21

So recently I did a lot of research into the internals of Computers and CPUs.
And i'd like to share a result of mine.

First of all, take some time to look at the code down below. You see two assembler codes and two command lines.

The Assembler code is designed to test how the instructions "enter" and "leave" compare to manually doing what they are shortened to.

Enter and leave create a new Stackframe: this means, that they create a new temporary stack. The stack is where local variables are put to by the compiler. On the right side, you can see how I create my own stack by using

push rbp
mov rbp, rsp
sub rsp, 0

(I won't get into details behind why that works).

Okay. Why is this even relevant?
Well: there is the assumption that enter and leave are very slow. This is due to raw numbers:
In some paper I saw ( I couldn't find the link, i'm sorry), enter was said to use up 12 CPU cycles, while the manual stacking would require 3 (push + mov + sub => 1 + 1 + 1).

When I compile an empty function, I get pretty much what you'd expect just from the raw numbers of CPU cycles.

HOWEVER, then I add the dummy code in the middle:

mov eax, 123
add eax, 123543
mov ebx, 234
div ebx

and magically - both sides have the same result.

Why????

For one thing, there is CPU prefetching. This is the CPU loading in ram before its done executing the current instruction (this is how anti-debugger code works, btw. Might make another rant on that). Then there is the fact that the CPU usually starts work on the next instruction while the current instruction is processing IFF the register currently involved isnt involved in the next instruction (that would cause a lot of synchronisation problems). Now notice, that the CPU can't do any of that when manually entering and leaving. It can only start doing the mov eax, 1234 while performing the sub rsp, 0.

----------------

NOW: notice that the code on the right didn't take any precautions like making sure that the stack is big enough. If you sub too much stack at once, the stack will be exhausted, thats what we call a stack overflow. enter implements checks for that, and emits an interrupt if there is a SO (take this with a grain of salt, I couldn't find a resource backing this up).

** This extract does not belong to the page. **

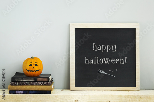 chalkboard frame with BOOKS and pumpkin HAPPY HALLOWEEN

There are another type of checks I don't fully get (stack level checks) so I'd rather not make a fool of myself by writing about them.

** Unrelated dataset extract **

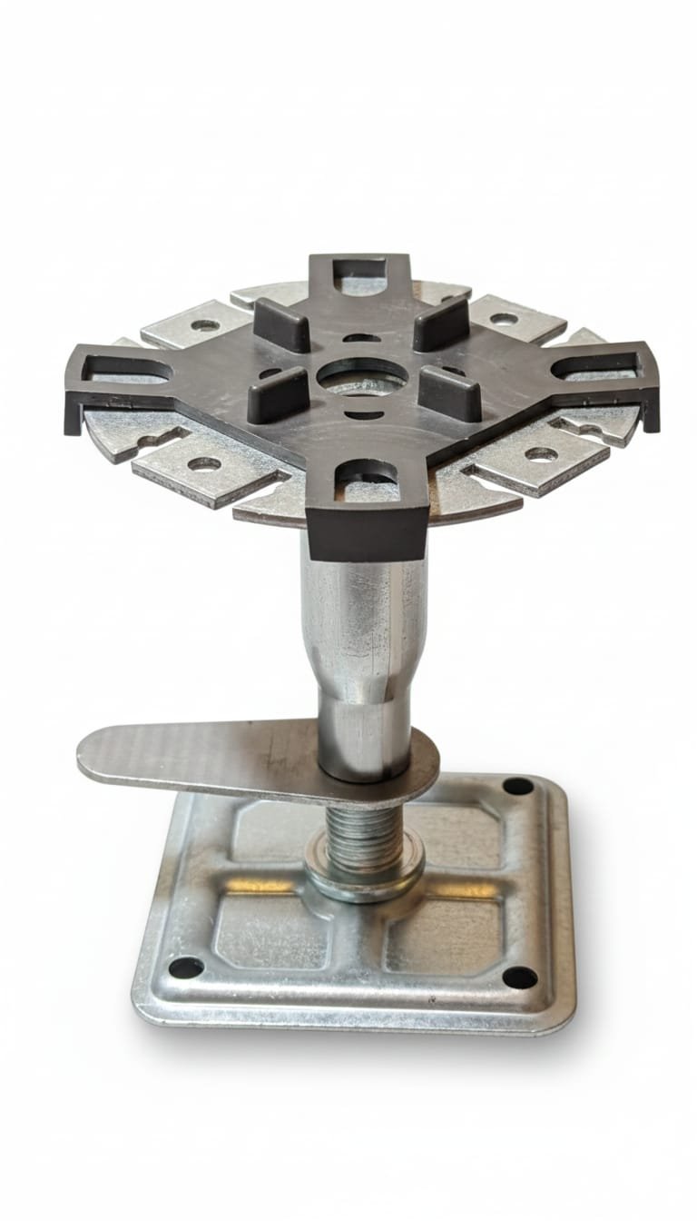 Reguliuojamas metalinis pjedestalas plytelėms (pasirenkamo aukščio) su cinkuoto plieno konstrukcija ir PA66 galvute. Nedegus (A klasė), atsparus korozijai, iki 800 kg apkrova.

Because of all those reasons I think that compilers should start using enter and leave again.

========

This post showed very well that bare numbers can often mislead.

Comments
  • 4
  • 2
    >For one thing, there is CPU prefetching

    the reason why the CPU can't prefetch (as much) here is because the CPU already is holding the next instructions of the manual stack.
  • 4
    Dear oh dear me, a fellow traveller on the abyss of the processor?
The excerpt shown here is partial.